◆ PROBLEM DETAILS ◆
Repeat exactly the lines of the records below, starting at the line containing "휴직자 수는 1737명으로, 2017년" and ending at the line containing "والرابعُ: إذا حفر". Leave the pictures out.

◆ MATERIAL SHOWN ◆
▶

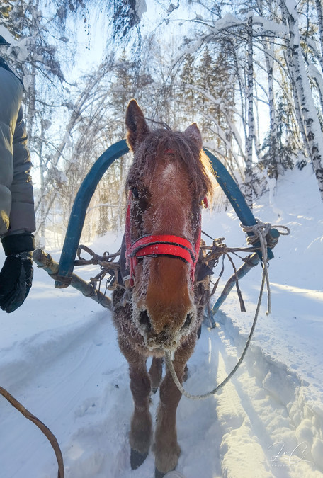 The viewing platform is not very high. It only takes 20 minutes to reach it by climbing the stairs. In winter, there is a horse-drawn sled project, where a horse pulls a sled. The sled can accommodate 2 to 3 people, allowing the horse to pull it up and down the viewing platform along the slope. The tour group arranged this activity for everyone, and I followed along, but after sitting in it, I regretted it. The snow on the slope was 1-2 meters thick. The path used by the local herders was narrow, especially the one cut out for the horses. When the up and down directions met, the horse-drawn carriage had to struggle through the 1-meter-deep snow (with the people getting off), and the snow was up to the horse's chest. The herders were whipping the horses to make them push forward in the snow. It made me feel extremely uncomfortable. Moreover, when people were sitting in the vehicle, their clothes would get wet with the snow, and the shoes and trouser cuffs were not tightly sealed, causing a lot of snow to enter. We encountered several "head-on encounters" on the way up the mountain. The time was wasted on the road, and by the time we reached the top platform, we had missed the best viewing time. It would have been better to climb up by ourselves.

◀
▶

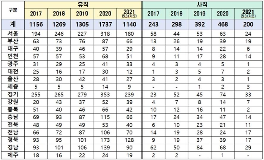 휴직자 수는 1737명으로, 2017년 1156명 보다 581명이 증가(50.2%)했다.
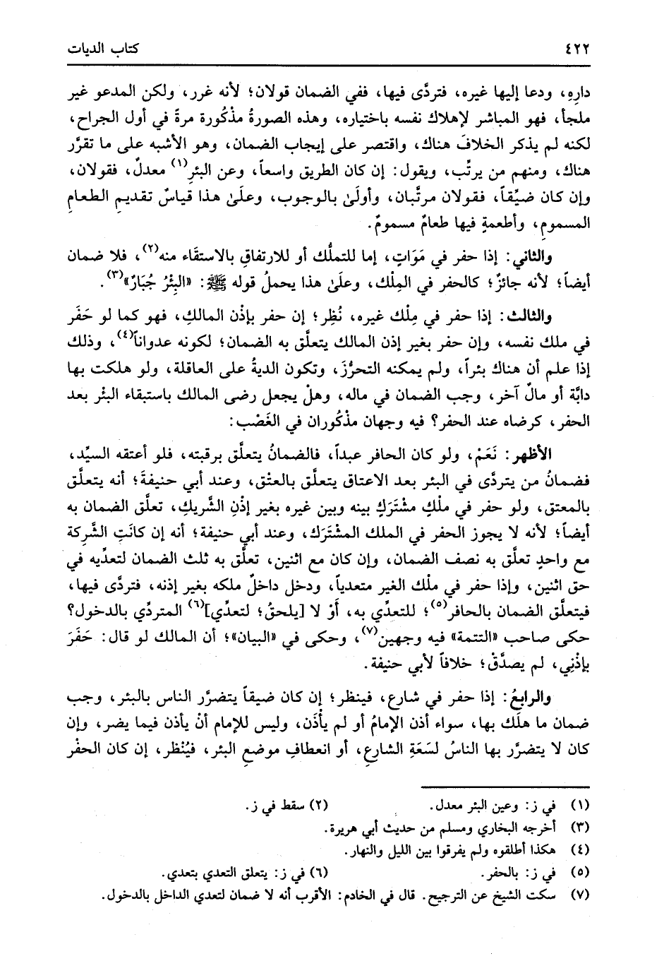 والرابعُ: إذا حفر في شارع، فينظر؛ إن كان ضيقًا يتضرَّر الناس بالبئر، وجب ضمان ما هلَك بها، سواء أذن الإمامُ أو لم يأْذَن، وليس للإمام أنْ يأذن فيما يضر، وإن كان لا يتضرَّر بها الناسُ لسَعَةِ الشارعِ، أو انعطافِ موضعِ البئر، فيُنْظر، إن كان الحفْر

◀

◆ COMPLETED TASK ◆
 휴직자 수는 1737명으로, 2017년 1156명 보다 581명이 증가(50.2%)했다.
 والرابعُ: إذا حفر في شارع، فينظر؛ إن كان ضيقًا يتضرَّر الناس بالبئر، وجب ضمان ما هلَك بها، سواء أذن الإمامُ أو لم يأْذَن، وليس للإمام أنْ يأذن فيما يضر، وإن كان لا يتضرَّر بها الناسُ لسَعَةِ الشارعِ، أو انعطافِ موضعِ البئر، فيُنْظر، إن كان الحفْر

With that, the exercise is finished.